* YOUR INSTRUCTIONS:
Pictures in the material below are to be left out, and only the lines from the line with "yellow midi skirt" up to and including the line with "Blue Covid, respiratory" are to be written out exactly.

*** RECORDS FOR THIS TASK Section Begins ***

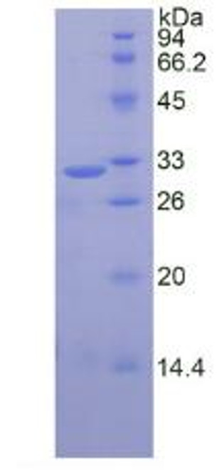 Recombinant Human Calpain 1 (CAPN1) is a purified Prokaryotic Protein. Purity: >95% by SDS-PAGE. Host: E. coli. Endotoxin Level: <1.0EU per 1ug, by the LAL method. Species: Human (Homo sapiens). Target Name: Calpain 1 (CAPN1). Target Synonyms: PIG30; CANPL1; MuCANP; MuCL; Calpain 1, Large Subunit; Calpain-1 Catalytic Subunit; Calcium-Dependent Protease 1; Calcium-activated neutral proteinase 1; Calpain mu-type; Micromolar-calpain. Accession Number: P07384. Gene ID: 823. Expression Region: Pro75~Arg343. Tag Info: N-terminal His Tag. Theoretical MW: 32kDa. Buffer: PBS, pH7.4, containing 0.01% SKL, 5% Trehalose. Storage: -20°C. Avoid repeated freeze/thaw cycles. Restrictions: For Research Use Only. Not for use in diagnostic procedures.
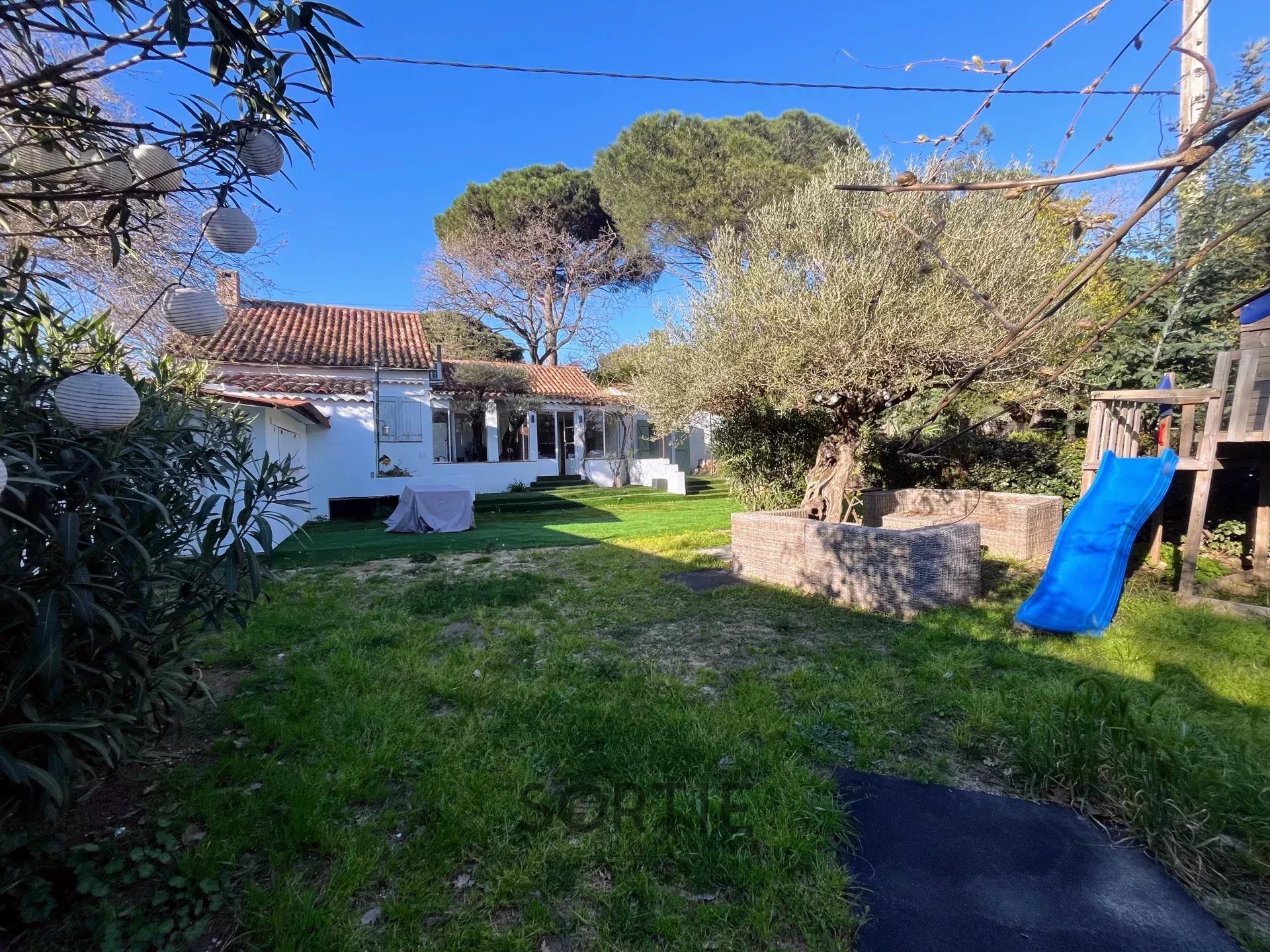 Idéalement située au cœur de Ramatuelle, cette maison mitoyenne exposée plein sud s’étend sur une parcelle d’environ 850 m². D’une surface habitable de 102 m², elle comprend une terrasse couverte de 23 m², offrant un espace de vie agréable. Elle dispose de quatre chambres climatisées, chacune avec sa propre salle d’eau et toilettes, dont trois bénéficient d’un accès direct à une terrasse. Un studio indépendant, composé d’un espace nuit, d’une kitchenette et d’une salle de bain, s’ouvre également sur une terrasse privative. Cette propriété offre un stationnement pour cinq véhicules et présente un fort potentiel d’aménagement, avec la possibilité d’ajouter un pool house, une extension de 30 m² et un garage. Son usage peut être mixte, convenant aussi bien à une habitation qu’à des bureaux ou une activité commerciale. Des travaux de rénovation sont à prévoir, laissant libre cours aux projets de personnalisation. Une belle opportunité à découvrir.
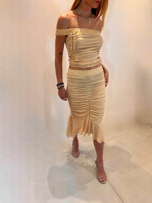 ‘Ruch & Ribbon’ Butter yellow midi skirt
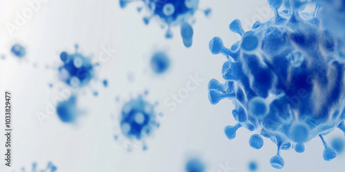 Blue Covid, respiratory virus molecules, on a white background, in the air. Banner template 3d seasonal flu, rotavirus, pandemic and epidemic formation, advertising and news
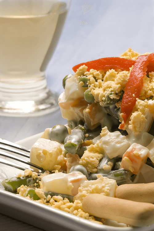 Оливье по-генделевски – это изысканный вариант классического салата, имеющий французский колорит. В нем сочетаются нежное мясо курицы, телятины и копченой индейки, которые придают блюду глубину вкуса. Кисловатая нотка моченой антоновки гармонично подчеркивает пикантность дижонской горчицы и лимонного майонеза. Легкая свежесть маринованных огурцов и сладкого перца дополняет богатую текстуру, а анчоусы завершают композицию тонким солоноватым акцентом. Этот салат – настоящее гастрономическое произведение, подходящее как для праздничного застолья, так и для изысканного ужина. Его подача на хрустящих листьях салата делает блюдо еще более эстетичным, а охлаждение перед подачей усиливает его вкусовые контрасты.
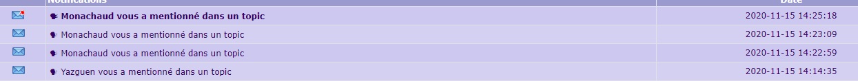 Une notif n'est pas un spam, par contre notifier pour ne rien dire est stupide. Sur ce, j'arrête avec cette histoire, sinon c'est moi qui vais commencer à spammer ce topic. Edit: @Monachaud, @Wiliwilliam, @Koreus ![]() ![]() Tu trouves cela amusant de me spammer de notif' en éditant tes messages ? (je n'en ai screen que 3, mais ça continue, je referais un screen quand il aura fini, vous montrez à combien il en est.) ![]() 5 notifs en 5 mintes.
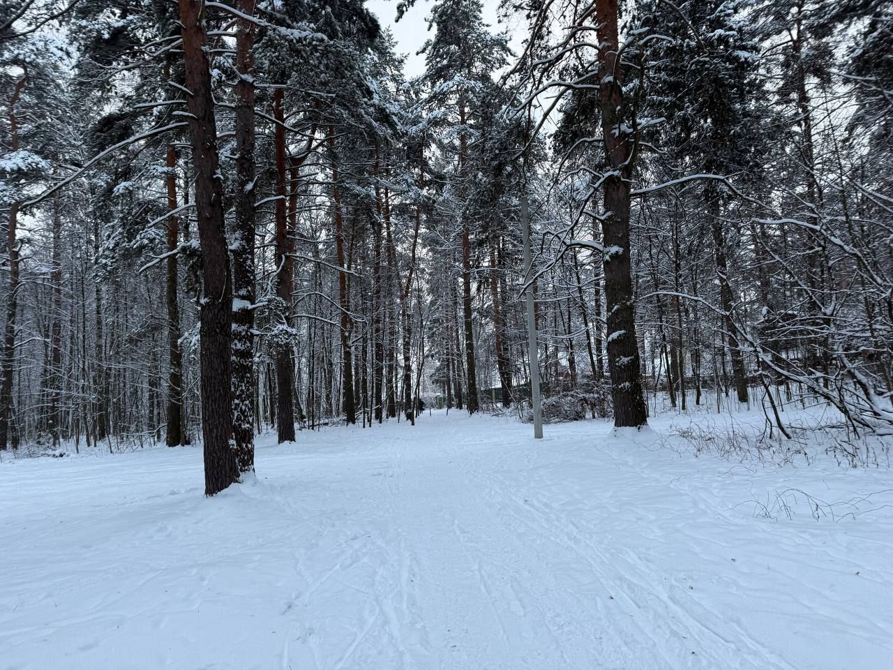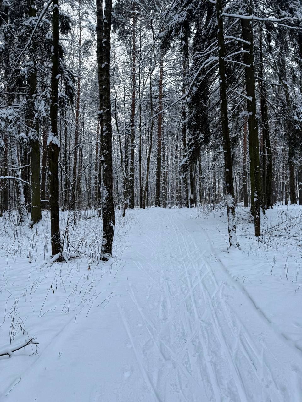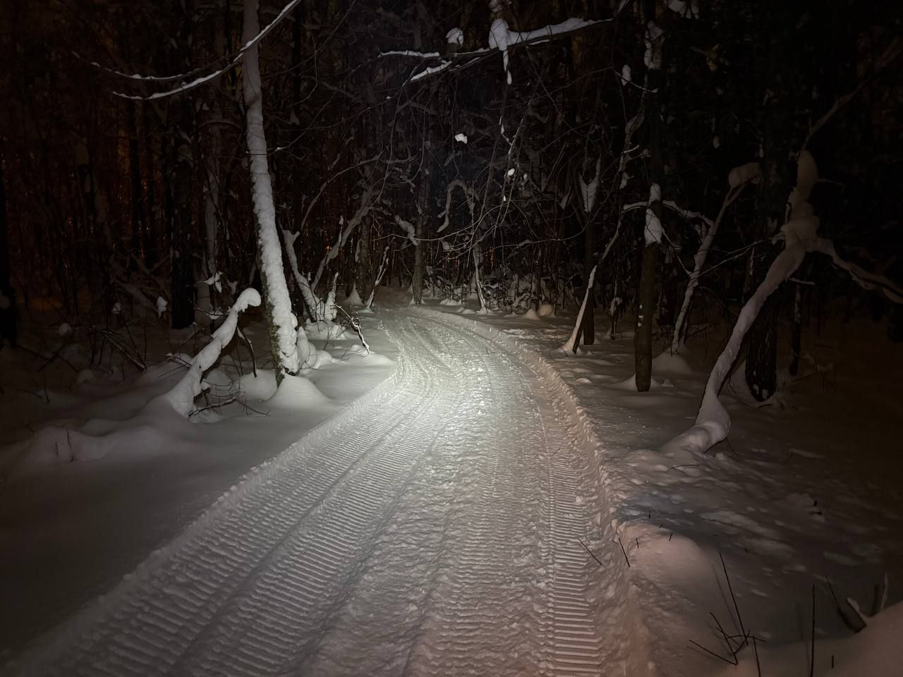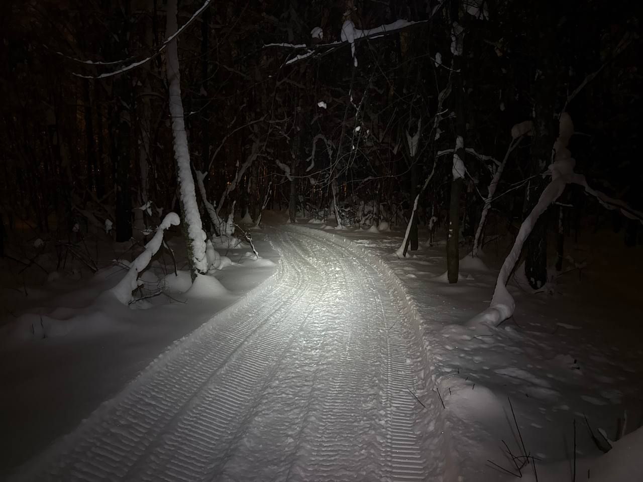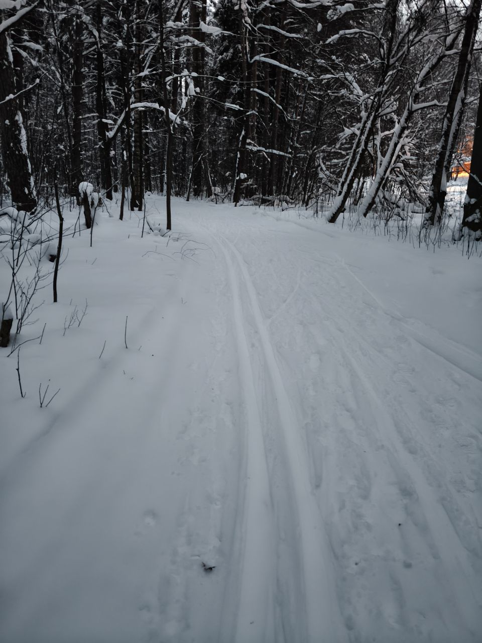 На трассе 5-7 см пухляка, чуть подраскатанного лыжниками. Основа плотная. Тяжеловато. Лыжники есть, дети занимаются. Надеюсь на днях еще прокатают и будет топ. 17 предположительная лыжная гонка Балашихинского спорткомитета на новой "недоосвещенке"
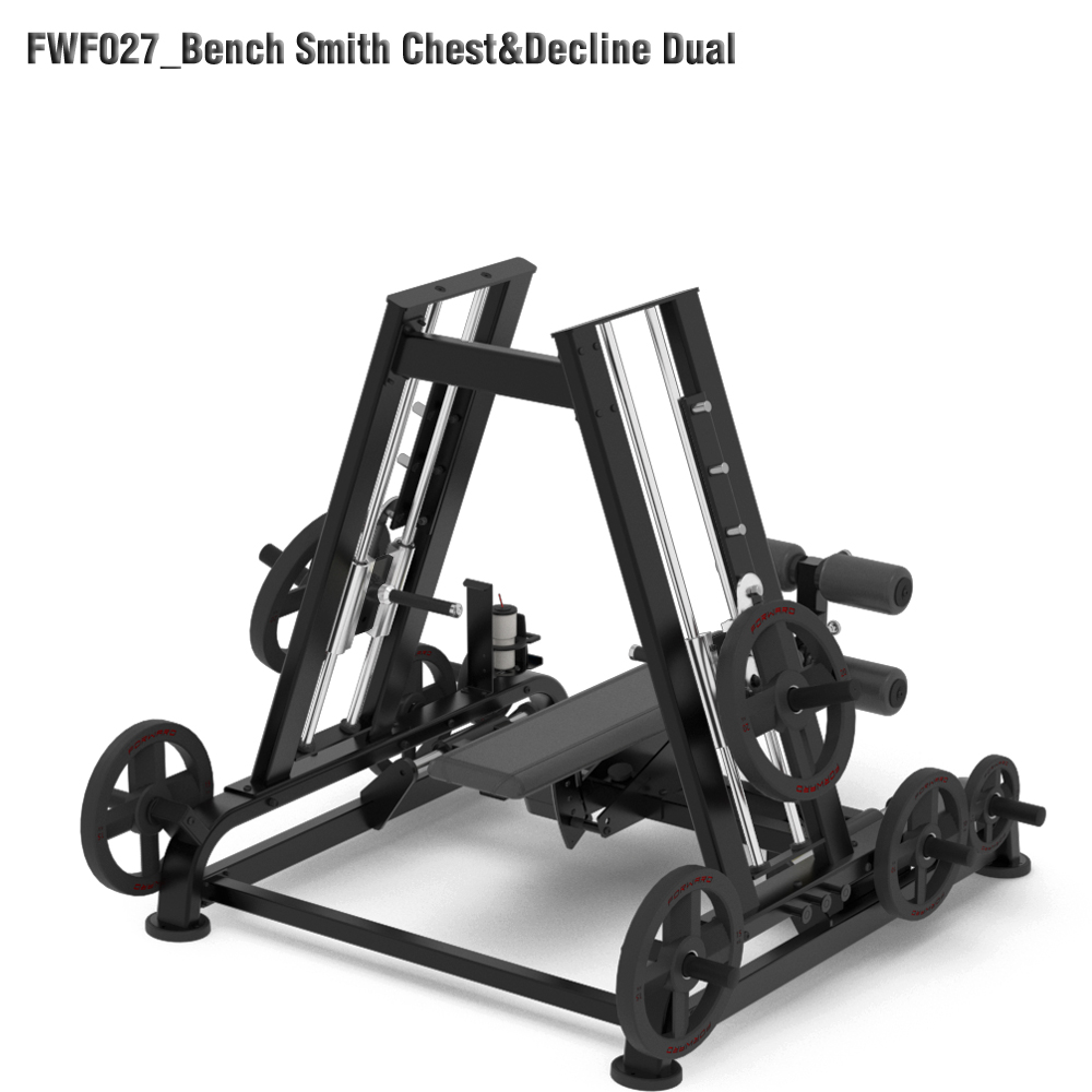 Tailored for commercial gyms and performance facilities, the FWF‑027 Bench Smith Chest & Decline Dual integrates a dual-system guided bar with an adjustable bench, offering both chest press and decline press functions. This design allows users to target both upper and lower pectoral muscles safely and effectively. The machine features a 10‑position horizontal track, 5-step adjustable backrest angles, and a heavy-duty welded steel frame for long-term durability and stability.

*** RECORDS FOR THIS TASK Section Ends ***

* SOLUTION FOR THIS TASK:
 ‘Ruch & Ribbon’ Butter yellow midi skirt
 Blue Covid, respiratory virus molecules, on a white background, in the air. Banner template 3d seasonal flu, rotavirus, pandemic and epidemic formation, advertising and news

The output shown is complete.